- **Instructions to follow**:
Please transcribe the listing that follows exactly; images are to be excluded.

- **Material for this task**:
---------------

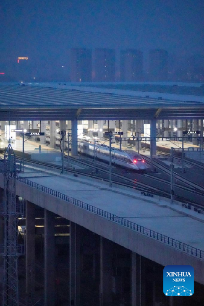 With a gross floor area of nearly 400,000 square meters, or 56 standard football pitches, Beijing Fengtai Railway Station has 32 rail tracks and 32 platforms and is able to accommodate a maximum of 14,000 passengers per hour. (Xinhua/Xing Guangli)
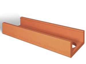 Canaleta cerâmica da linha de blocos estruturais 14x19x39 com formato de “J” que possui um furo na base para facilitar a passagem de eletrodutos, instalações hidráulicas e ferragem.
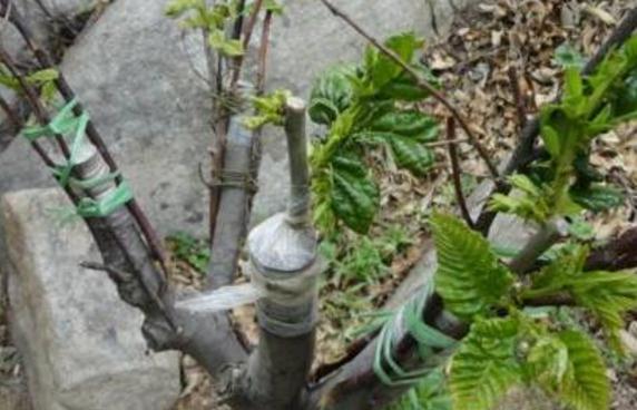 ⑥解绑宜在第二年春季萌芽前10天左右解除捆绑的塑料薄膜。同时,还要继续抹除砧木上长出的萌蘖。
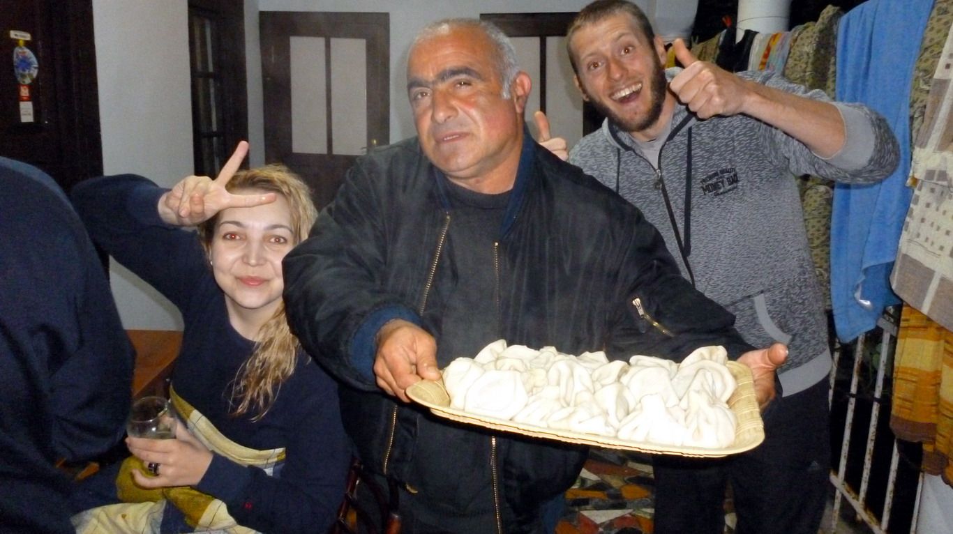 El lugar era maravilloso y empezamos a buscar dónde poner nuestra carpa para pasar la noche y preguntamos en una casa, la señora nos invita a pasar, nos sirve un té y “charlamos” (nuestro nivel de georgiano es extremadamente nulo, pero con voluntad, señas y sonrisas todo se puede) un rato, cuando le preguntamos si podíamos armar la carpa ahí nos respondió con un rotundo NO, que nos sorprendió, pero inmediatamente nos llevó arriba de su casa y nos mostró nuestra habitación, que durmiéramos ahí nos dijo. Felices empezamos a acomodarnos y comenzó a llegar gente, tíos, primos y hermanos que venían todos a cenar esa noche, y en el medio estábamos nosotros, tratando de entender un poco de qué pasaba, por suerte llegó una pareja joven que la chica hablaba algo de inglés y el muchacho es turco y nuestro nivel de turco es “un poco mejor” que de georgiano, así que gracias a ellos empezamos a entender un poco más, comimos muchísimo, aprendimos un juego de cartas, charlamos y tomamos mucho vino. Cualquier parecido con una reunión de amigos en Argentina es pura coincidencia.
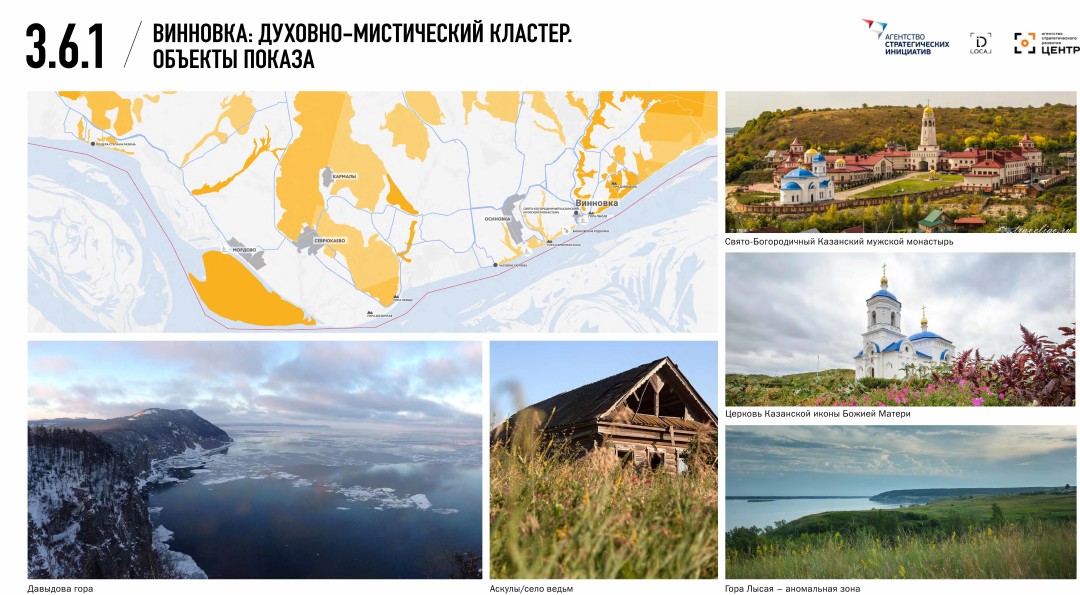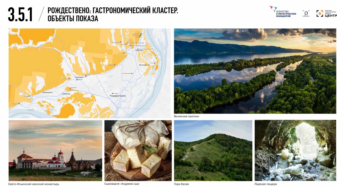 Мы выделили шесть кластеров на Самарской Луке, каждый из которых представляет собой определенную тематику, фактически усиливающую то, что там уже есть. Мы предусмотрели даже арт-кластер, где могли бы поработать художники с естественной средой. И яхт-клуб, поскольку нужен причал: обеспеченные люди с яхтами отрезаны от этой территории. Мы прорисовали смотровые площадки как архитектурные объекты, чтобы повышать популярность места: людям должно хотеться там фотографироваться. В Рождествено мы предположили наличие кластера, связанного с едой, ремеслами. Интерес этой работы состоял еще и в том, что максимальная антропогенная нагрузка на этой территории уже близка к нулю, то есть уже нельзя бездумно увеличивать количество приезжающих сюда туристов.
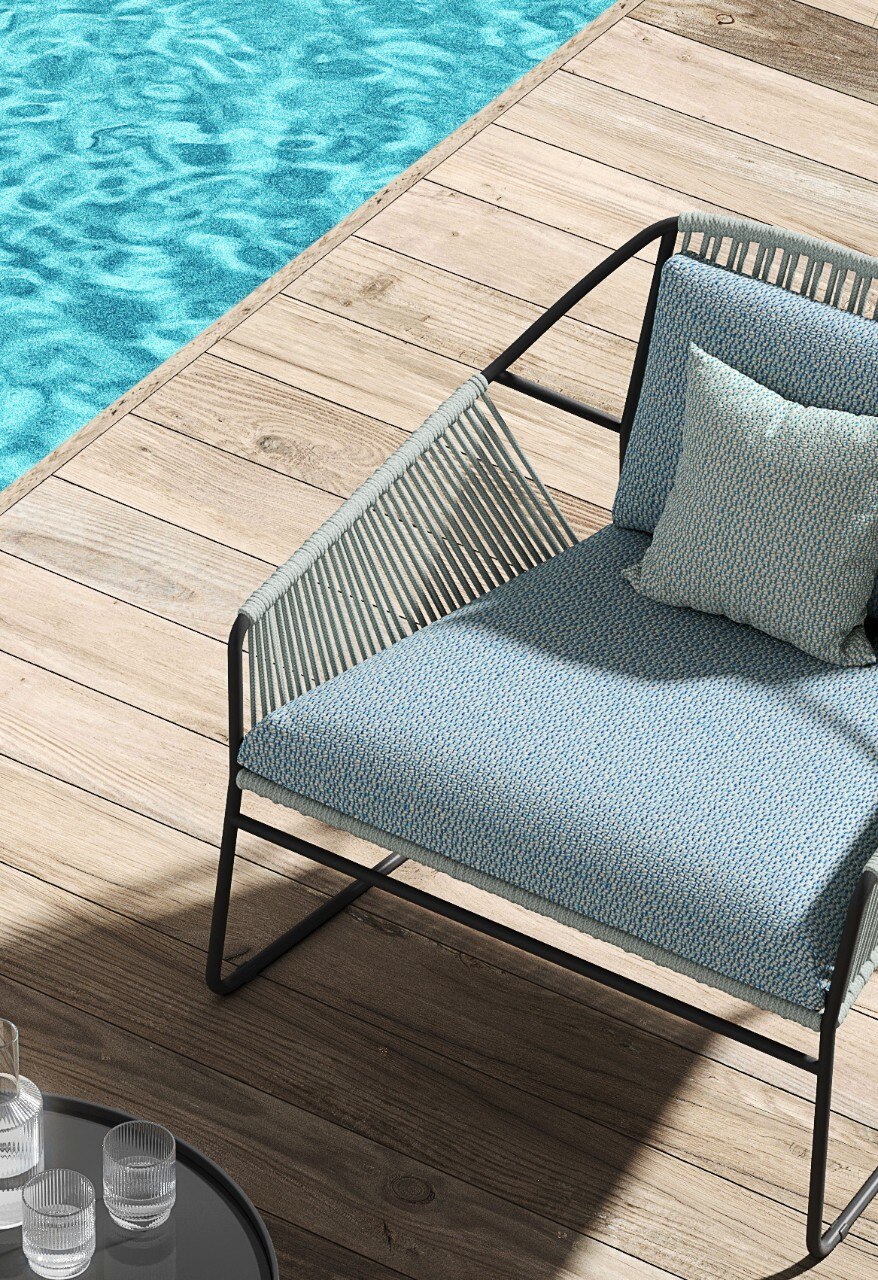 Initially conceived for seating, Farniente is a highly structured, wool-like bouclette fabric with water-repellent qualities and good resistance to chlorinated water. Splash, on the other hand, is distinguished by its structured weave enriched with yarns of different colours. Perfect for seatings and curtains, it has water-repellent properties and good chlorine resistance. Referring to the nuances of minerals, the carpet Sphérique features geometric patterns emulating the grooves left by the ocean in the sand. Versatile and essential, these series come in a variety of shades and guarantee waterproofing, resistance to light, mould and friction, as well as easy maintenance.
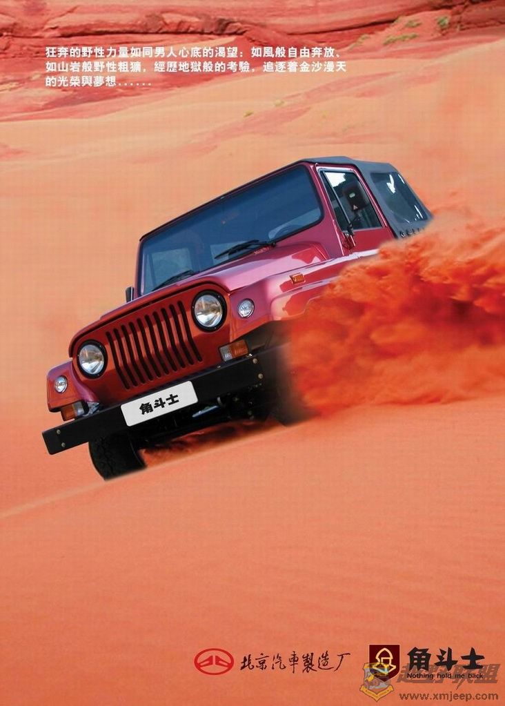 角斗士是北京汽车制造厂最新打造的小型双门四驱越野车,车身造型、尺寸与Jeep牧马人相似,装备2.2L4Y发动机与日本爱信公司生产的手动变速箱,角斗士主攻现代都市追求运动与张扬的年轻消费者.
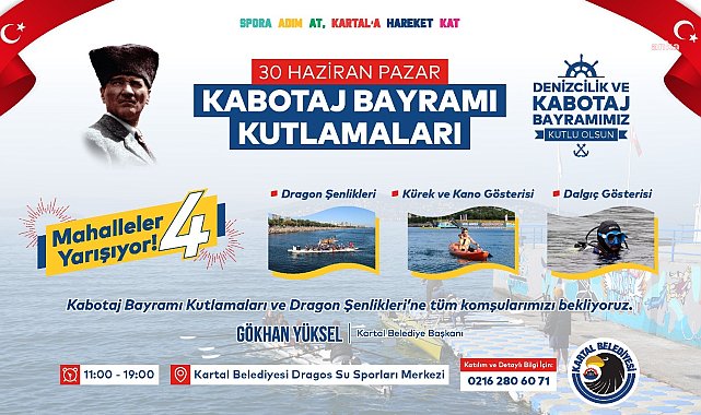 (İSTANBUL) - Kartal’da Dragos Su Sporları Merkezi, 1 Temmuz Denizcilik ve Kabotaj Bayramı kutlamalarının merkezi olacak.Kartal Belediyesi Gençlik ve Spor Hizmetleri Müdürlüğü organizasyonu ile 1 Temmuz Denizcilik ve Kabotaj Bayramı kapsamında coşkulu bir kutlama etkinliği düzenliyor. Etkinlik, 30 Haziran Pazar günü 11.00-19.00 saatleri arasında Dragos Su Sporları Merkezi’nde yapılacak.‘Mahalleler Yarışıyor Dragon Bot Yarışları’ etkinliğinde, 18 yaş üstü sporseverler doyasıya yarışacak. Her mahallenin ayrı bir takım kuracağı organizasyonda, başvurular mahalle muhtarlıkları üzerinden yapılacak.Tüm sporseverleri etkinliğe davet eden Kartal Belediye Başkanı Gökhan Yüksel, şunları söyledi:“Denizlerimizdeki hâkimiyet ve bağımsızlığımızın sembolü olan 1 Temmuz Denizcilik ve Kabotaj Bayramı dolayısıyla İstanbul’un en güzel sahil kıyılarından birine sahip olan Kartal’da renkli bir kutlama programı organize ettik. Birbirinden heyecanlı su sporları yarışları ve gösterilerine imza atacağımız etkinlik programımızı ise ilçemizin sahip olduğu zengin potansiyeli en iyi şekilde değerlendirerek komşularımızın hizmetine açtığımız Dragos Su Sporları Merkezimizde gerçekleştireceğiz. Hazırladığımız bu heyecan dolu etkinliğe tüm sporsever komşularımızı bekliyoruz.” Vatandaşlar, etkinliğe katılım hakkında detaylı bilgiye 0216 280 60 71 numaralı hattan ulaşabilecek.
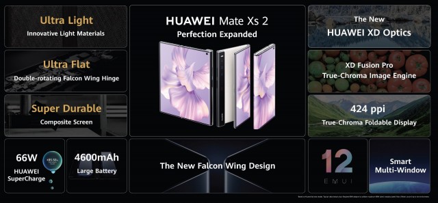 Pomimo dużego rozmiaru Mate Xs 2 waży 255 gramów – znacznie mniej niż jego poprzednik – Mate Xs (300g) i Mate X2 Huawei (295g). Nowy Mate Xs 2 jest zasilany przez chipset Qualcomm Snapdragon 888 4G i jest dostarczany z pojedynczą pamięcią RAM o pojemności 8 GB i 512 GB.

---------------

- **Response to this task**:
 With a gross floor area of nearly 400,000 square meters, or 56 standard football pitches, Beijing Fengtai Railway Station has 32 rail tracks and 32 platforms and is able to accommodate a maximum of 14,000 passengers per hour. (Xinhua/Xing Guangli)
 Canaleta cerâmica da linha de blocos estruturais 14x19x39 com formato de “J” que possui um furo na base para facilitar a passagem de eletrodutos, instalações hidráulicas e ferragem.
 ⑥解绑宜在第二年春季萌芽前10天左右解除捆绑的塑料薄膜。同时,还要继续抹除砧木上长出的萌蘖。
 El lugar era maravilloso y empezamos a buscar dónde poner nuestra carpa para pasar la noche y preguntamos en una casa, la señora nos invita a pasar, nos sirve un té y “charlamos” (nuestro nivel de georgiano es extremadamente nulo, pero con voluntad, señas y sonrisas todo se puede) un rato, cuando le preguntamos si podíamos armar la carpa ahí nos respondió con un rotundo NO, que nos sorprendió, pero inmediatamente nos llevó arriba de su casa y nos mostró nuestra habitación, que durmiéramos ahí nos dijo. Felices empezamos a acomodarnos y comenzó a llegar gente, tíos, primos y hermanos que venían todos a cenar esa noche, y en el medio estábamos nosotros, tratando de entender un poco de qué pasaba, por suerte llegó una pareja joven que la chica hablaba algo de inglés y el muchacho es turco y nuestro nivel de turco es “un poco mejor” que de georgiano, así que gracias a ellos empezamos a entender un poco más, comimos muchísimo, aprendimos un juego de cartas, charlamos y tomamos mucho vino. Cualquier parecido con una reunión de amigos en Argentina es pura coincidencia.
 Мы выделили шесть кластеров на Самарской Луке, каждый из которых представляет собой определенную тематику, фактически усиливающую то, что там уже есть. Мы предусмотрели даже арт-кластер, где могли бы поработать художники с естественной средой. И яхт-клуб, поскольку нужен причал: обеспеченные люди с яхтами отрезаны от этой территории. Мы прорисовали смотровые площадки как архитектурные объекты, чтобы повышать популярность места: людям должно хотеться там фотографироваться. В Рождествено мы предположили наличие кластера, связанного с едой, ремеслами. Интерес этой работы состоял еще и в том, что максимальная антропогенная нагрузка на этой территории уже близка к нулю, то есть уже нельзя бездумно увеличивать количество приезжающих сюда туристов.
 Initially conceived for seating, Farniente is a highly structured, wool-like bouclette fabric with water-repellent qualities and good resistance to chlorinated water. Splash, on the other hand, is distinguished by its structured weave enriched with yarns of different colours. Perfect for seatings and curtains, it has water-repellent properties and good chlorine resistance. Referring to the nuances of minerals, the carpet Sphérique features geometric patterns emulating the grooves left by the ocean in the sand. Versatile and essential, these series come in a variety of shades and guarantee waterproofing, resistance to light, mould and friction, as well as easy maintenance.
 角斗士是北京汽车制造厂最新打造的小型双门四驱越野车,车身造型、尺寸与Jeep牧马人相似,装备2.2L4Y发动机与日本爱信公司生产的手动变速箱,角斗士主攻现代都市追求运动与张扬的年轻消费者.
 (İSTANBUL) - Kartal’da Dragos Su Sporları Merkezi, 1 Temmuz Denizcilik ve Kabotaj Bayramı kutlamalarının merkezi olacak.Kartal Belediyesi Gençlik ve Spor Hizmetleri Müdürlüğü organizasyonu ile 1 Temmuz Denizcilik ve Kabotaj Bayramı kapsamında coşkulu bir kutlama etkinliği düzenliyor. Etkinlik, 30 Haziran Pazar günü 11.00-19.00 saatleri arasında Dragos Su Sporları Merkezi’nde yapılacak.‘Mahalleler Yarışıyor Dragon Bot Yarışları’ etkinliğinde, 18 yaş üstü sporseverler doyasıya yarışacak. Her mahallenin ayrı bir takım kuracağı organizasyonda, başvurular mahalle muhtarlıkları üzerinden yapılacak.Tüm sporseverleri etkinliğe davet eden Kartal Belediye Başkanı Gökhan Yüksel, şunları söyledi:“Denizlerimizdeki hâkimiyet ve bağımsızlığımızın sembolü olan 1 Temmuz Denizcilik ve Kabotaj Bayramı dolayısıyla İstanbul’un en güzel sahil kıyılarından birine sahip olan Kartal’da renkli bir kutlama programı organize ettik. Birbirinden heyecanlı su sporları yarışları ve gösterilerine imza atacağımız etkinlik programımızı ise ilçemizin sahip olduğu zengin potansiyeli en iyi şekilde değerlendirerek komşularımızın hizmetine açtığımız Dragos Su Sporları Merkezimizde gerçekleştireceğiz. Hazırladığımız bu heyecan dolu etkinliğe tüm sporsever komşularımızı bekliyoruz.” Vatandaşlar, etkinliğe katılım hakkında detaylı bilgiye 0216 280 60 71 numaralı hattan ulaşabilecek.
 Pomimo dużego rozmiaru Mate Xs 2 waży 255 gramów – znacznie mniej niż jego poprzednik – Mate Xs (300g) i Mate X2 Huawei (295g). Nowy Mate Xs 2 jest zasilany przez chipset Qualcomm Snapdragon 888 4G i jest dostarczany z pojedynczą pamięcią RAM o pojemności 8 GB i 512 GB.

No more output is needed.